As far as psychiatric drugs go, there are many problems. I may write an article on them in the future if I can find enough sources on the web so I don't have to type pages from my books. There are several issues Michael has not mentioned, the most important ones being Tardive Dyskinesia and withdrawal & rebound effects. Lithium, for example, frequently causes mania upon withdrawal:

Lithium and Anticonvulsant Withdrawal Reactions

Lithium raises the serious issue of confusing withdrawal difficulties with relapse. In fact, lithium withdrawal reactions exactly mimic the manic symptoms that lead to the start of lithium treatment. Doctors prescribe lithium primarily to treat mania; often, mania rapidly follows lithium withdrawal. How is the doctor or patient to know whether this condition is withdrawal mania or a return of the orginal psychiatric problem?

Some doctors refuse to see a specific syndrome of withdrawal from lithium. Others suggest that a true lithium withdrawal syndrome cannot merely resemble mania but that "tremor, dizziness, and sometimes epileptic seizures" should also be observed.[1] We believe, however, that the latter opinions are further instances in which doctors have thoughtlessly attributed disturbed reactions after drug withdrawal to the patient's "underlying illness" rather than to the drug treatment itself.

The rapid recurrence of mania can happen even among patients who have been taking the drug for years, are seemingly "well-stabilized," and are withdrawn from it for only four or five days.[2] In one study, researches abruptly switched twenty-one previously manic patients to placebos. They had taken lithium continuously for an average of four years. The authors write: "Within 14 days on placebo, 11 patients relapsed into severe psychotic states with paranoid, manic and depressive syndromes. ... Most of the other patients not relapsing into psychotic states reported anxiety, nervousness, increased irritability and alertness, [and] sleep disturbances."[3]

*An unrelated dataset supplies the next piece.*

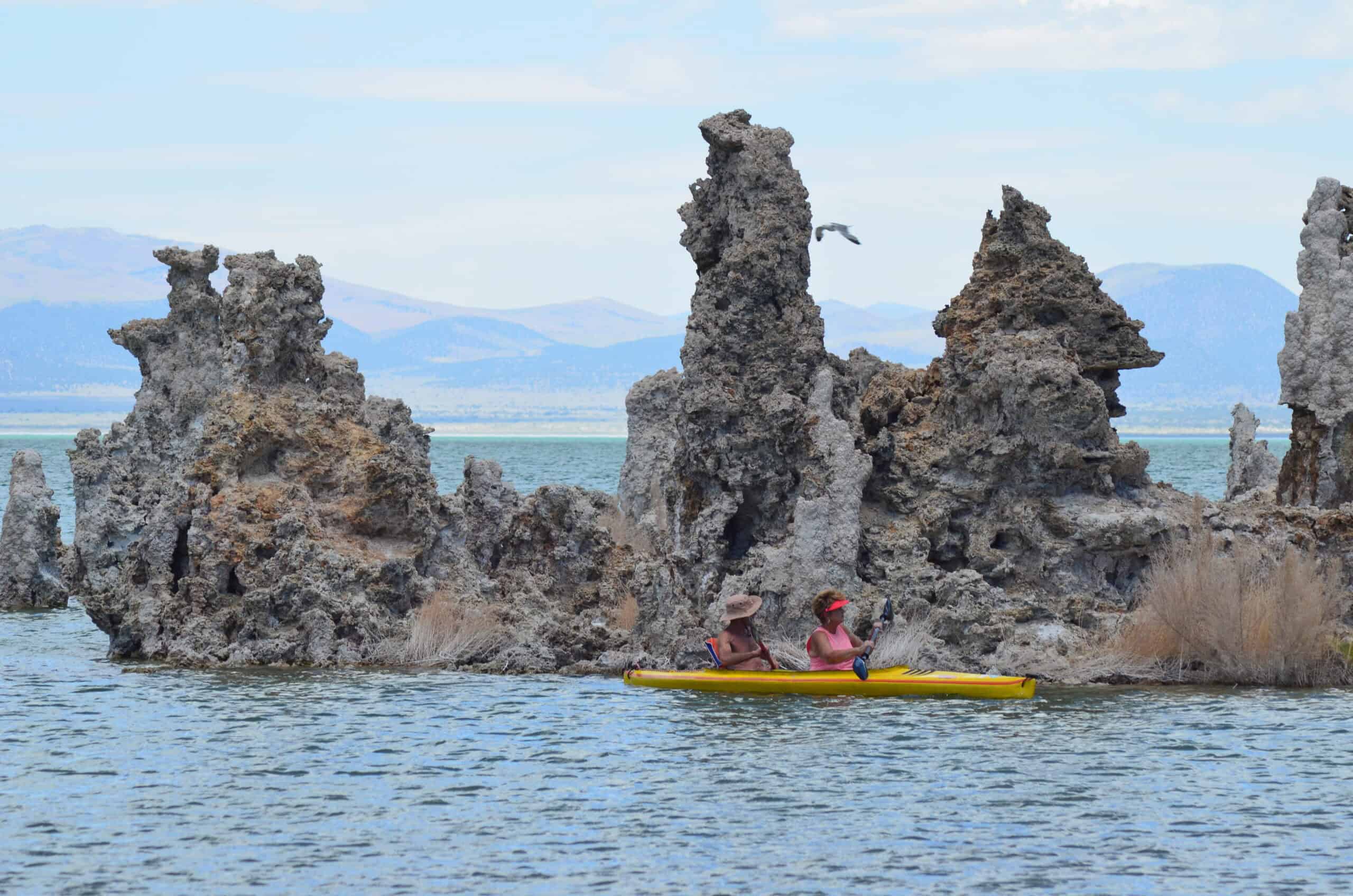 The pinnacle of the Highway 395 drive by far was Mono Lake. Pronounced “Mon-Oh,” it is known as one of the oldest lakes – over one million years old. And with no outlet, it is saltier than the ocean. But what makes it highly unusual are limestone rock formations, called tufas, that jut up out of the ground like castle towers. I don’t claim to understand it, but tufas form when calcium mixes with the carbonates in lake water.

One review systematically examined fourteen published studies of lithium withdrawal involving 257 "manic-depressive" patients with an average of thirty months of stable lithium treatment. Of the new manic episodes that occurred, more than 50 percent were experienced within three months of withdrawal. Also observed was a staggering 28-fold increase in the risk of new manic episodes for patients just withdrawn from lithium.[4] Another review of published and unpublished studies on lithium withdrawal yielded similar conclusions.[5] This evidence led one doctor to state candidly: "[F]rank manic symptoms are the defining feature of significant withdrawal effects and appear to be of a comparable severity to those seen in manic illness generally, often requiring hospital admission."[6]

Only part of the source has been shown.